▸ Exercise objective: Reproduce word for word the line holding "CREATE DYNAMIC TABLE)转为分钟级增量处理。" and all lines after it in the data, through the end, leaving out pictures.

▸ Dataset entries:
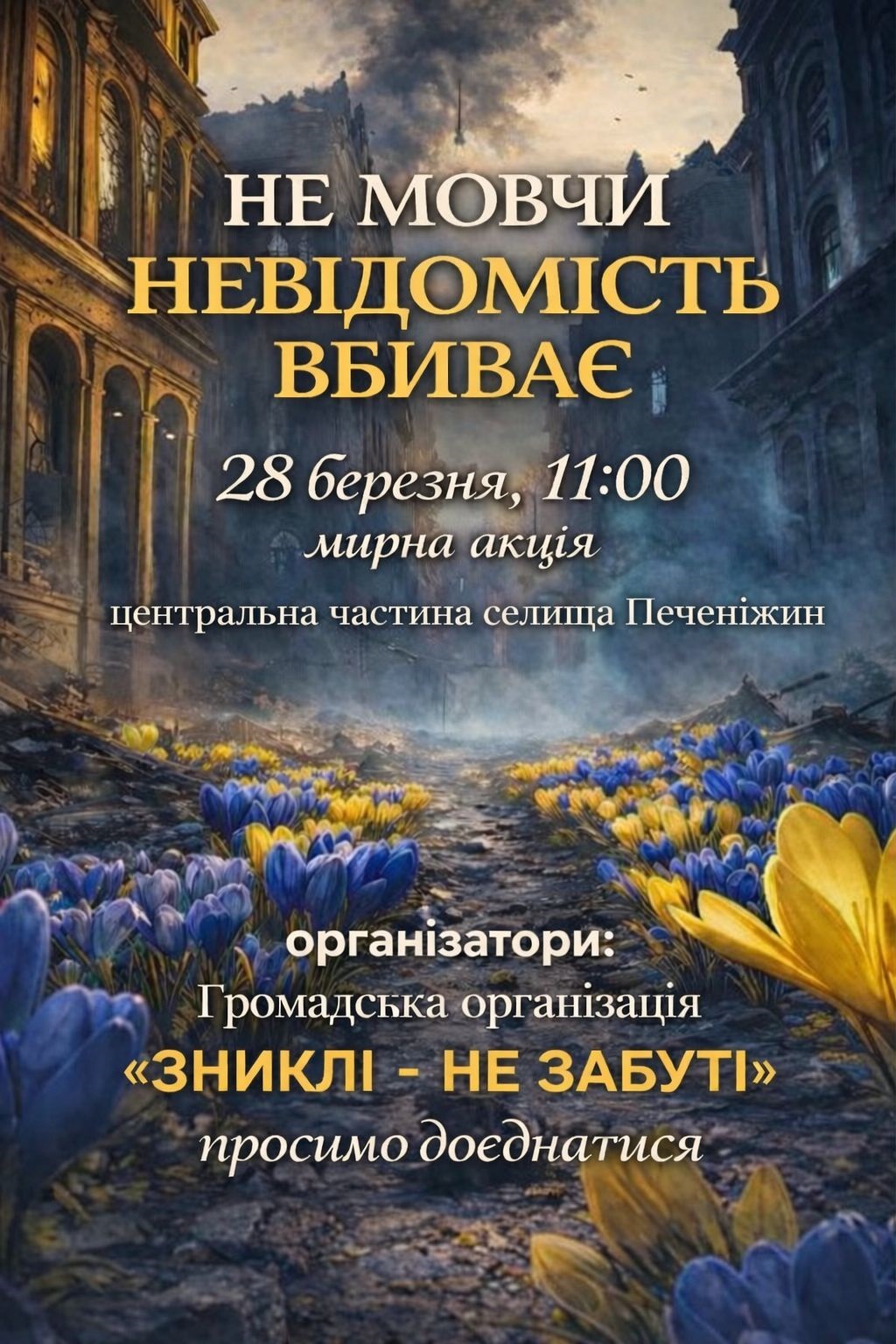 28 березня об 11:00 у центральній частині селища Печеніжин, у районі парку Т. Г. Шевченка, відбудеться мирна акція на підтримку зниклих безвісти, полонених захисників та їх родин.
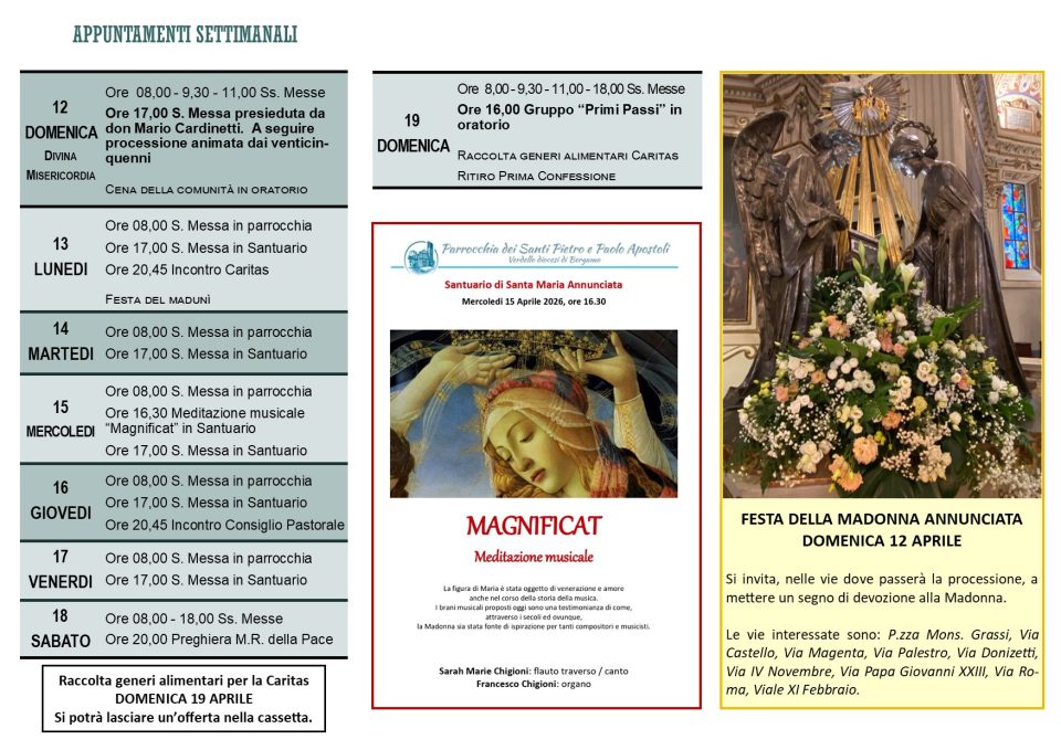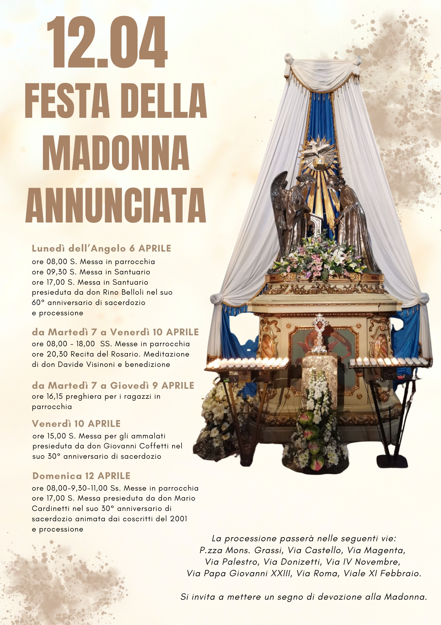 Pubblicato inArticolo Santuario Santa Maria Annunciata Il Santuario di Verdello è dedicato a Santa Maria Annunciata, solennità che viene celebrata il…
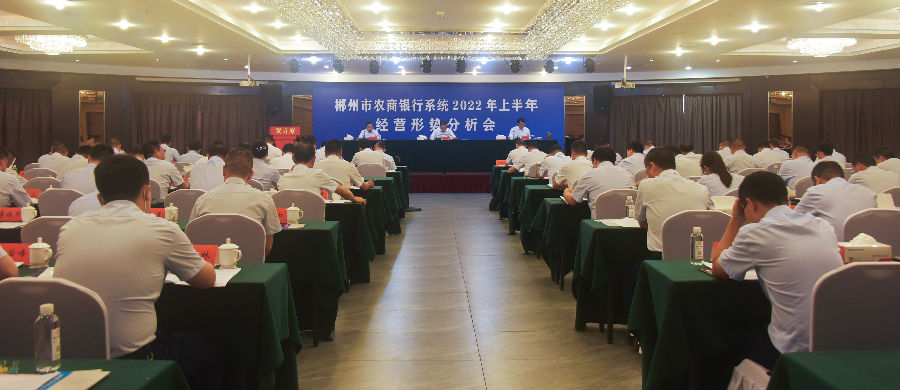 7月19日,郴州市农商银行系统2022年上半年经营形势分析会在安仁召开,会议传达贯彻了省联社半年度工作会议精神,分析和总结了全市系统上半年工作情况,并对下半年工作进行了安排部署。办事处党组书记、主任康见闻出席会议并作重要讲话,党组成员、纪检组组长、副主任陈利军主持会议,党组成员、副主任雷青龙通报了全市系统2022年上半年业务经营情况,办事处各科室负责人,辖内农商银行党委书记、董事长、行长、监事长,安仁农商银行党委班子成员、部室经理、支行行长共计77人参加会议。
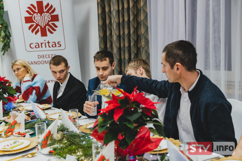 Uczestnicy trzech projektów: „Samodzielność drogą do niezależności”, „Samodzielność moją przyszłością” i „Od aktywności do samodzielności” zasiedli do wspólnego wigilijnego stołu. Wspomniane projekty realizowane są przez Caritas Diecezji Sandomierskiej z myślą o dzieciach i młodzieży z niepełnosprawnościami. Takie przedświąteczne spotkanie to już tradycja podkreśla koordynator projektów Karolina Łętowska.
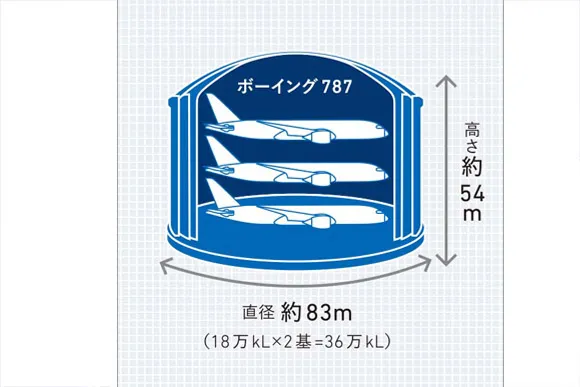 - 荷揚げされたLNGは、高さ約54m、直径約83mのLNGタンク2基に貯蔵されます。その容量は合計36万kL。1つのタンクでボーイング787が3機格納できる大きさです。
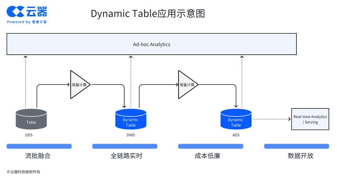 相比之下,笔者主张"流批融合"的方案。它依托新的增量计算技术实现,让同一套代码逻辑无缝适配批处理和流处理,避免了 Lambda 架构的割裂。以云器Lakehouse 的通用增量计算为例,它支持标准 SQL 的完整语义,允许开发者将传统批处理任务通过简单调整(如将 INSERT OVERWRITE 改为 CREATE DYNAMIC TABLE)转为分钟级增量处理。
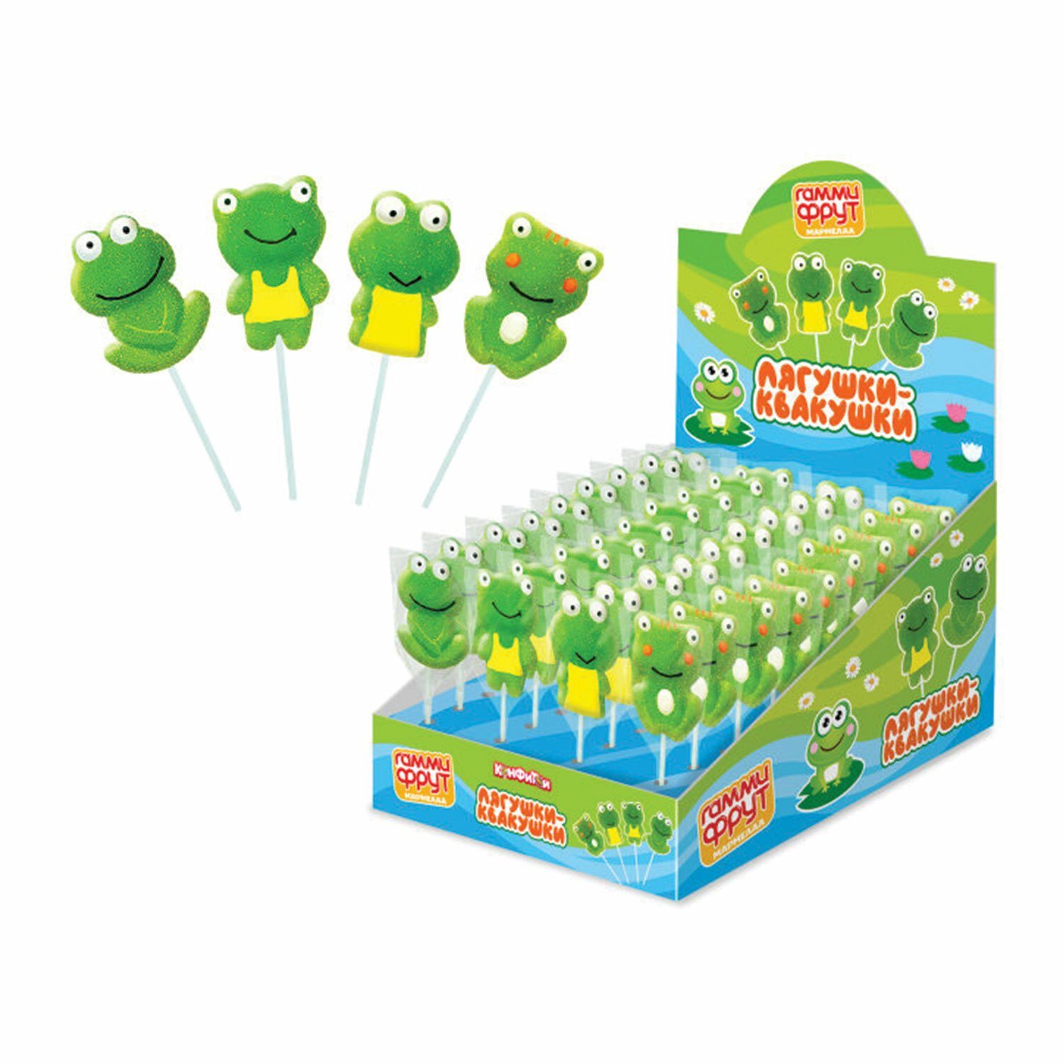 - Мармелад на палочке ГАММИ ФРУТ "Лягушки-Квакушки", 25 г, КОНФИТОЙ, КТ95028

▸ Answer for this exercise:
 相比之下,笔者主张"流批融合"的方案。它依托新的增量计算技术实现,让同一套代码逻辑无缝适配批处理和流处理,避免了 Lambda 架构的割裂。以云器Lakehouse 的通用增量计算为例,它支持标准 SQL 的完整语义,允许开发者将传统批处理任务通过简单调整(如将 INSERT OVERWRITE 改为 CREATE DYNAMIC TABLE)转为分钟级增量处理。
 - Мармелад на палочке ГАММИ ФРУТ "Лягушки-Квакушки", 25 г, КОНФИТОЙ, КТ95028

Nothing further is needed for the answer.